La crisis económica, los numerosos casos de corrupción descubiertos en los últimos años y otras causas han generado en la sociedad una animadversión hacia los responsables públicos que se ceba con especial ahínco en sus retribuciones, las cuales se consideran con frecuencia injustificadas y hasta escandalosas. En ocasiones, uno tiene la sensación de que desde la opinión pública y publicada parece anhelarse un mundo en el que los servicios públicos sean dirigidos por aficionados sin retribución, como si de una comunidad de vecinos se tratara. O quizá que se dirijan espontáneamente, mediante autogestión.

Desde mi punto de vista, la retribución adecuada de un puesto directivo debería estar determinada, básicamente, en función de su complejidad, dedicación y responsabilidad y no por el carácter público, presuntamente privado o mediopensionista de la entidad para la que se trabaja. Y, desde esta perspectiva, cuando evoco mi retribución como alto cargo de la Administración, incluida la cesantía, y la comparo con las cifras mareantes que se manejan en otros ámbitos, muchos de ellos públicos o semipúblicos, me parece pura y simplemente una broma. Que mi desempeño haya sido voluntario no le resta un ápice de autenticidad al desaire retrospectivo que experimento al recordar lo que me pagaban por ello y cuando oigo en la plaza pública algunas opiniones sobre la retribución que merecen los responsables públicos.

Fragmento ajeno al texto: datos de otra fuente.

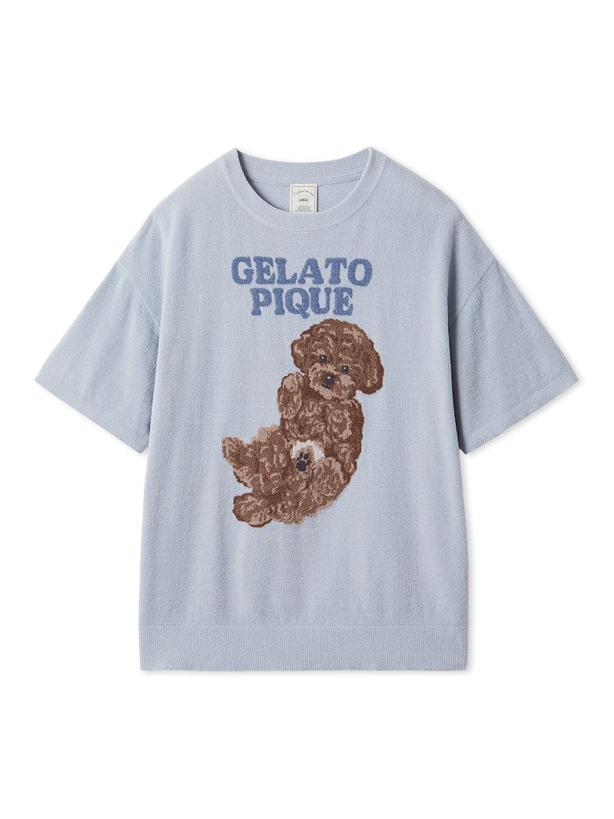 以仰躺露肚皮的小狗為主題設計的針織系列。

Por razones que no vienen al caso, es altamente improbable que yo vuelva a recibir una oferta para desempeñar un puesto de designación gubernamental. Pero, si se produjera tal oferta, probablemente la rechazaría, por ausencia de incentivos o estímulos para aceptarla. Y, si la lealtad al improbable oferente o cualquier debilidad de otra índole ablandaran mi espíritu, enseguida aparecería otra motivación con fuerza suficiente para vencer la tentación. La desconsideración, cuando no el desprecio de la opinión pública española hacia quienes desempeñan altas responsabilidades públicas colman mi ánimo de una sensación invencible: la de que no hay nada ni nadie que merezca que yo haga, de nuevo, semejante esfuerzo.

Por el bien de la nación, debería evitarse que cundiera esta sensación que a mí me embarga."